Four out of five (80%) companies rated by EcoVadis have no documented process for identifying or managing sustainability risks within their own supply chains, a new report has found.
According to the tenth edition of the EcoVadis Sustainability Ratings Index, while firms in Tier 1 supply chains are making progress on climate goals and human rights in their own operations, that ‘progress stalls’ when you move one tier into their supply chain.
As well as uncovering a lack of documentation for identifying or managing sustainability risks among their own suppliers, the report also found that 73% of Tier 1 suppliers have no Scope 3 upstream emissions reporting and 77% have no downstream tracking.
Just 2% have an external grievance mechanism in place to enable workers deeper in the supply chain to report human rights concerns, while fewer than 1% share granular, decision-grade sustainability data to buyer organisations.
EcoVadis’ analysis
EcoVadis’ report analysed almost 200,000 sustainability scorecards from more than 100,000 companies assessed between 2021 and 2025. The companies are typically Tier 1 suppliers to more than 1,400 multinational organisations using the EcoVadis platform.

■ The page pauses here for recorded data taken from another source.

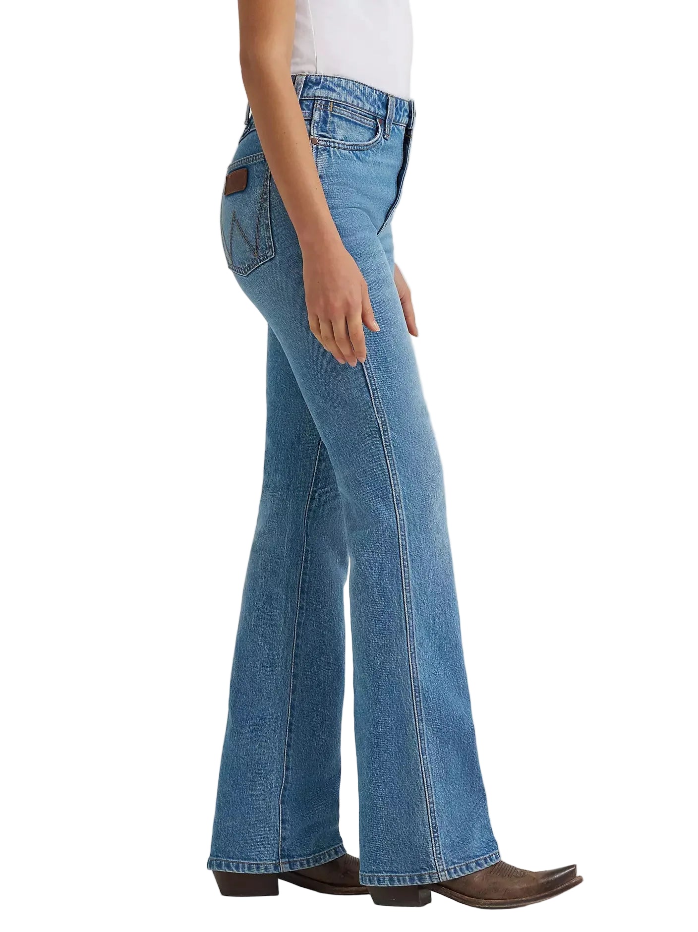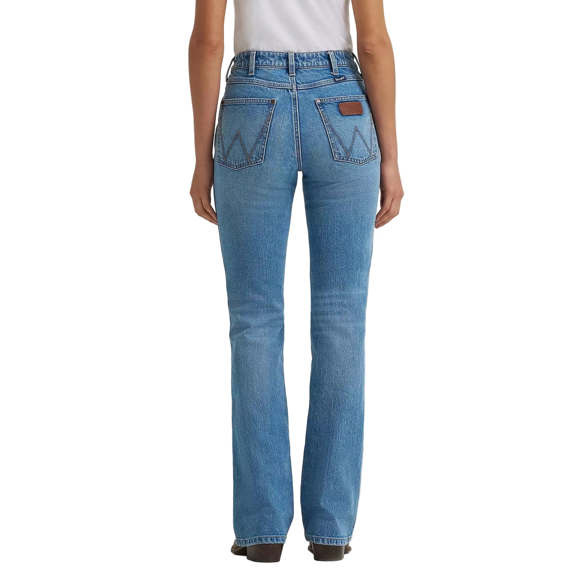 Jeans Wrangler Bailey Boot Mary pour femmes. Flatteur sous tous les angles, ce pantalon en denim est confectionné dans un mélange de coton avec juste une touche de stretch pour un confort tout au long de la journée. Ils présentent un style retro avec une silhouette taille haute, une coupe ajustée au niveau de la cuisse et une jambe juste assez large pour une botte.
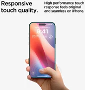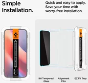 Spigenin "EZ Fit" -sarjan karkaistu lasi on kiinnitetty puhelimen etupuolelle täydellisesti leikatulla kiinnityskehyksellä, jonka ansiosta voit sijoittaa sen täydellisesti näytölle. Valmistaja on yksinkertaistanut kiinnitysmenetelmää niin paljon, että se on täysin intuitiivinen jokaiselle käyttäjälle.
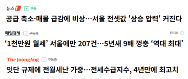 이런 상황이다보니 전/월세 가격이 상승하는 것은
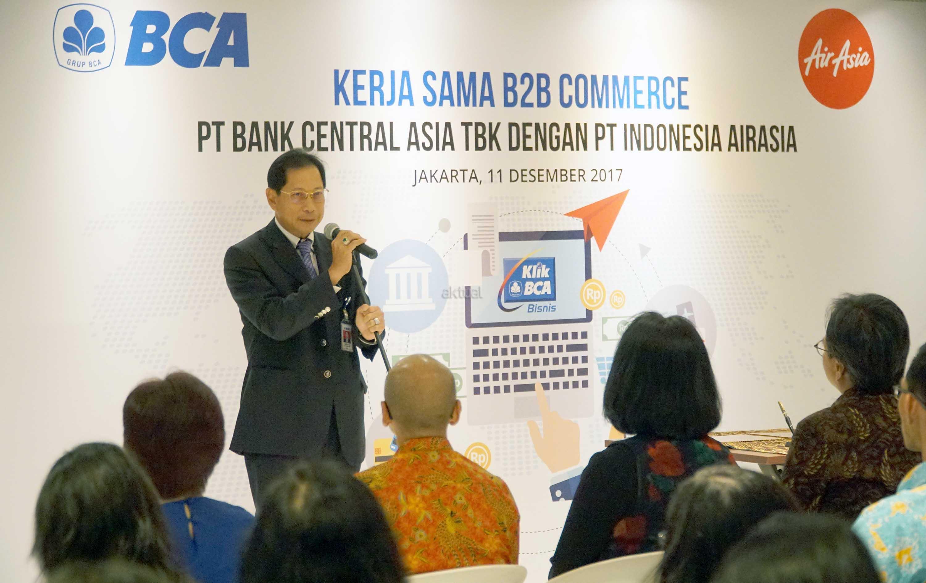 Presiden Direktur BCA, Jahja Setiaatmadja memberikan sambutan disela acara penandatangan perjanjian kerja sama antara BCA dan AirAsia di Jakarta, Senin (11/12). Komitmen penandatangan tersebut perihal layanan penerimaan pembayaran Top UP dana deposit bagi mitra agen perjalanan (travel agent) AirAsia secara online melalui KlikBCA Bisnis.Kerja sama yang dilakukan ini diharapkan dapat berkontribusi meningkatkan nilai transaksi collection oleh agen perjalanan serta memperluas layanan platform cash management untuk menyediakan fasilitas kemudahan Top Up. AKTUAL/Eko S Hilman
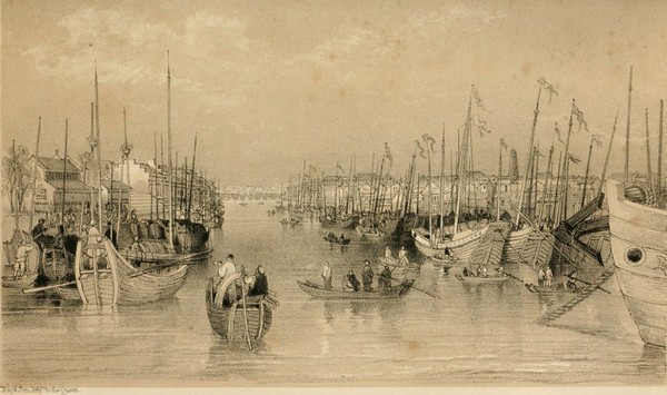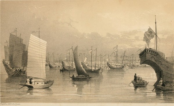 After a few hours' pleasant sailing amongst the islands, we at last reached the beautiful bay of Hong-kong, and anchored opposite to the new town of Victoria. Hong-kong bay is one of the finest which I have ever seen: it is eight or ten miles in length, and irregular in breadth; in some places two, and in others six miles wide, having excellent anchorage all over it, and perfectly free from hidden dangers. It is completely sheltered by the mountains of Hong-kong on the south, and by those of the main land of China on the opposite shore; land-locked, in fact, on all sides; so that the shipping can ride out the heaviest gales with perfect safety.

Other findings from the report include that most firms are making ‘real progress’ on sustainability within their own operations, with 46% of rated suppliers purchasing or generating renewable energy and 38% running climate-related training programmes for employees. However, close to four fifths (78%) have no science-based carbon reduction targets in place.
Sustainable procurement
Procurement practices are an issue, with 42% of firms saying that they continue to rely on supplier questionnaires that are not independently verified, while 46% require suppliers to sign a sustainability code of conduct. Just 20% conduct on-site audits, a figure that has barely moved in four years.
These capability gaps are also affecting the rollout of AI in sustainable procurement, EcoVadis noted. A separate study, the EcoVadis Barometer 2026 report, found that more than two thirds (68%) of corporate buyers have introduced AI tools into procurement programmes, with carbon data validation among the most common applications. However, close to a third (30%) of suppliers provide no carbon data, while 26% supply only aggregated estimates.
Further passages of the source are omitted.